MADRID: Spain's sickly economy faces a "crisis of huge proportions", a minister said yesterday, as unemployment hit its highest level in almost two decades and Standard and Poor's downgraded the government's debt by two notches.
Unemployment shot up to 24 per cent in the first quarter, one of the worst jobless figures in the developed world. Retail sales slumped for the 21st consecutive month as a recession cuts into consumer spending.
"The figures are terrible for everyone and terrible for the government ... Spain is in a crisis of huge proportions," Foreign Minister Jose Manuel Garcia-Margallo said in a radio interview.
Standard and Poor's cited risks of an increase in bad loans at Spanish banks and called on Europe to take action to encourage growth.

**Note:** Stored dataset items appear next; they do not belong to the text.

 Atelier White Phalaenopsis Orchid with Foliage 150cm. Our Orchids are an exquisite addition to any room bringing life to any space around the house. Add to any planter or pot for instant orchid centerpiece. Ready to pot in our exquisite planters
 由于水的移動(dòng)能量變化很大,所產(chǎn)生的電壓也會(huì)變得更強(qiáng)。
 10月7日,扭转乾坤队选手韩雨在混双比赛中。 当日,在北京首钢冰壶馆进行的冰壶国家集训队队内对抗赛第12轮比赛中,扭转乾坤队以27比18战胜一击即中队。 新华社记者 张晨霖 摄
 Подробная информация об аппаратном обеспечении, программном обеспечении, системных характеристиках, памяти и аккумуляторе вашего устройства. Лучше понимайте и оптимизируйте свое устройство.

The downgrade spooked financial markets, raising the interest rate fellow euro zone struggler Italy was forced to pay to sell 10-year bonds at auction. The yield was its highest since January as investors worried about the economic outlook in the bloc's indebted states.
Analysts said the 5.95 billion euro ($7.9bn) Italian auction went well under the circumstances, but Rabobank strategist Richard McGuire said the 5.84pc 10-year yield "leaves a question mark over how long Italy will be able to finance itself at levels that can be deemed sustainable".

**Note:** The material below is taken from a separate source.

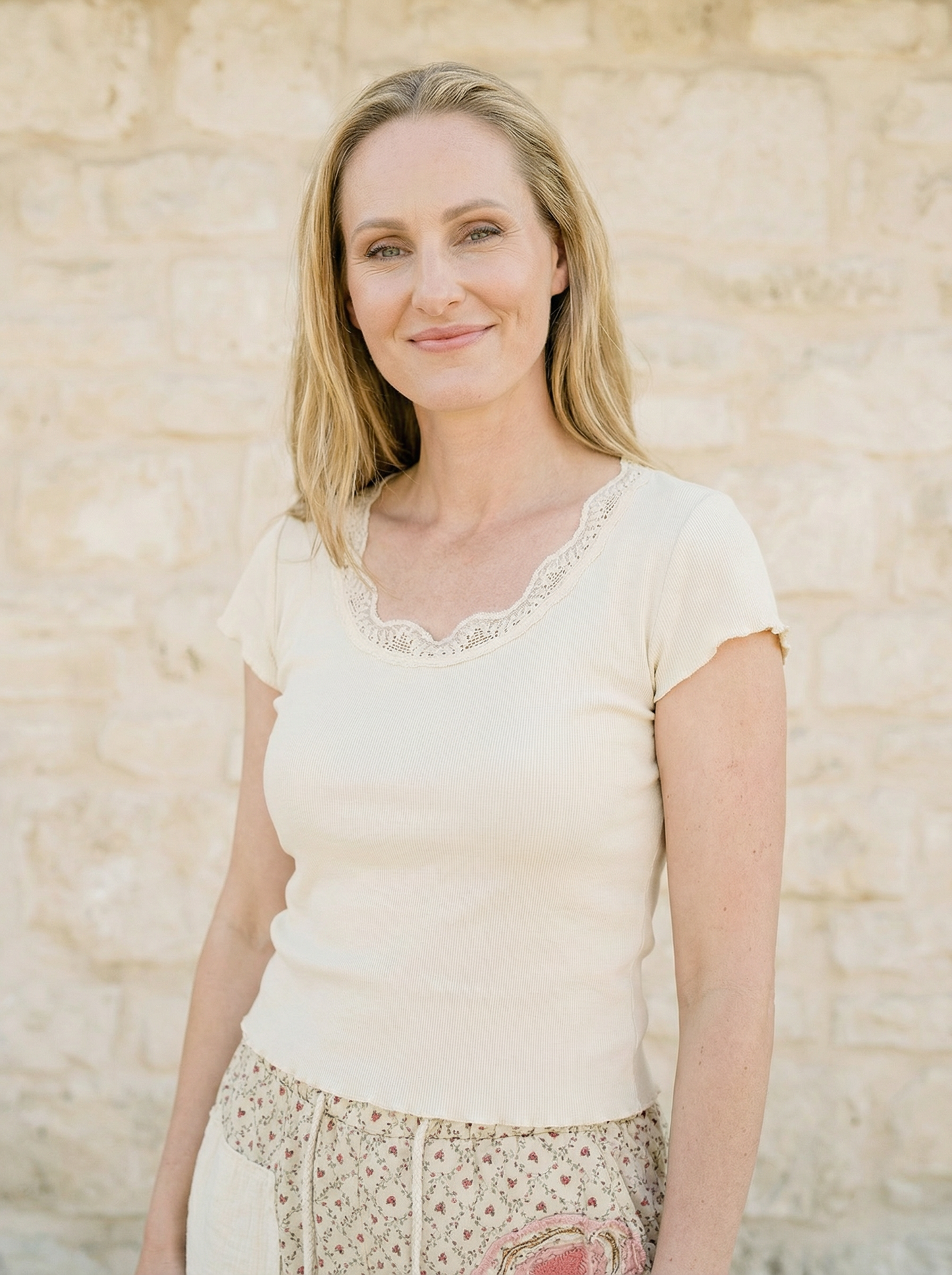 Sweetheart Lace Tee - Cream

Italy's main banking association said the economy may contract by 1.4pc this year, more than the government's 1.2pc forecast.
Spain's country risk, as measured by the spread on yields between Spanish and German benchmark government bonds, spiked before levelling off to around 420 basis points.

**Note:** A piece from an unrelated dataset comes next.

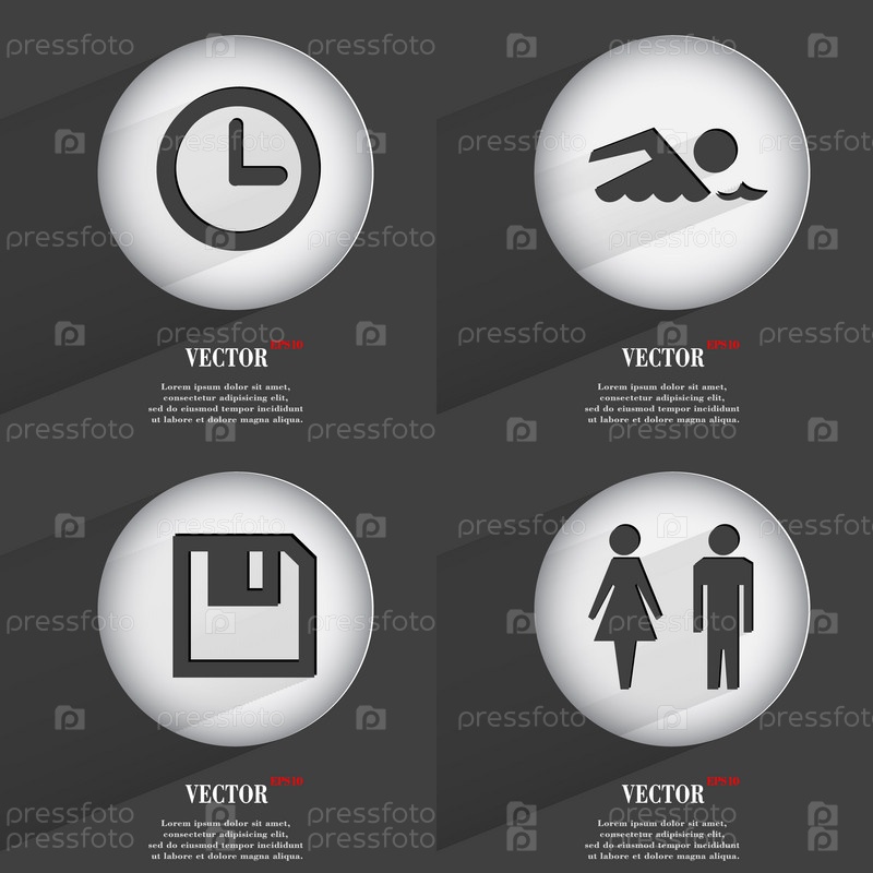 Набор кнопок, модные. Значки с длинной тенью. Вектор

Spain has slipped into its second recession in three years and fears that it cannot hit harsh deficit cutting targets this year have put it back in the centre of the debt crisis storm, pushing up its borrowing costs.
Recovery and job creation are still two years off, Economy Minister Luis de Guindos said yesterday in a news conference where he forecast 0.2pc growth in the gross domestic product next year and 1.4pc growth in 2014.
The Treasury Ministry estimated the increase of 365,900 jobless people in the first quarter meant a loss of 953 million euros in tax income.
The unemployment rate was up from 22.9pc in the last quarter of 2011 and was worse than economists had forecast. Half of Spain's youth are out of work, and figures are unlikely to improve for some time as the government slashes spending by 42bn euros this year, some 4pc of economic output.
S&P now has Spain on a BBB+ rating, which means "adequate payment capacity" and is only a few notches above a junk rating. Fitch and Moody's still rate Spain's sovereign with a "strong payment capacity".